According to the central government’s Equity Linked Saving Schemes (ELSS) guideline, 1992 and the amendment in 1998, these schemes offer tax rebates to the investor under section 88 of the Income tax act, 1961. Under Section 88 of the I.T. Act, 1961, one gets a tax rebate of upto 20% of the amount contributed to ELSS schemes subject to a maximum investment of Rs. 10000/- within the allowable limit under section 88. Also these schemes generally diversify the equity risk by investing in a wider array of stocks across sectors.
Net assets is the total value of a fund's cash and securities less its liabilities or obligations. A portfolio could be a mixture of stocks, bonds, money market instruments and cash.
Depending on how many years the investor stays with the fund, some funds may charge different amount of loads to the investors- the longer the investor stays with the fund, lesser the amount of exit load charged to him. This is called the contingent deferred sales charge (CDSC) and contingent deferred sales load (CDSL).
The following can invest in RBI Bonds:
1. An individual in his or her name or on behalf of a minor, or jointly with one or more individuals.
2. A Hindu Undivided Family.
3. A Non-Resident Indian (without the right of repatriation of principal).
4. Government Promissory Notes can also be issued on anyone or survivor basis.
5. Bonds can be held by a minor with one or more major individual/s (including a minor).
There is no maximum limit for investment in the bonds. Application must be in multiples of Rs.1000/- subject to a minimum of Rs.1000/-.
The date of issue of the bonds in the form of Promissory Note/Bond Ledger Account will be the date of receipt of subscription in cash or the date of tender of draft or the date of realisation of the cheque as the case may be.

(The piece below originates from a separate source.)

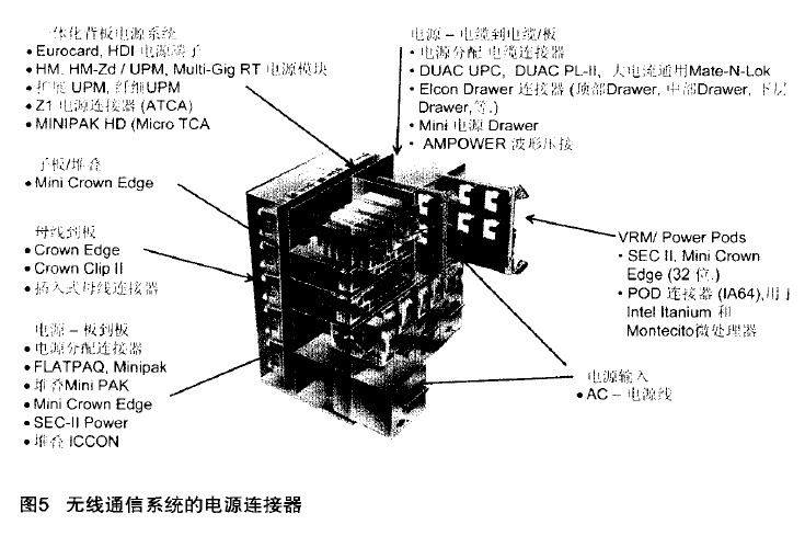 無線通信係統中所采用的電源連接器(圖5)的種類包括一體化背板電源係統、子板/堆疊用連接器、信號母線到板之間的連接器、板到板的電源連接器、電源到電纜/電纜Nrn; 刷板連接器、微處理器所用電源連接器以及電源輸入所用連接器。

The period of holding of bonds is five years from the date of issue. The bonds shall be repayable on the expiration of 5 years from the date of their issue.
Premature encashment of the Bonds is not allowed. The Bonds will earn interest upto the date of redemption, if not redeemed on due date. Proceeds can be reinvested. The matured bonds in the form of Promissory Note/existing Stock Certificate will be tendered for reinvestment at Public Debt Offices of Reserve Bank of India only.
Income Tax : Interest on the bonds will be exempt from income tax under the Income Tax Act, 1961.
Wealth Tax : The bonds will be exempt from Wealth Tax under the Wealth Tax Act.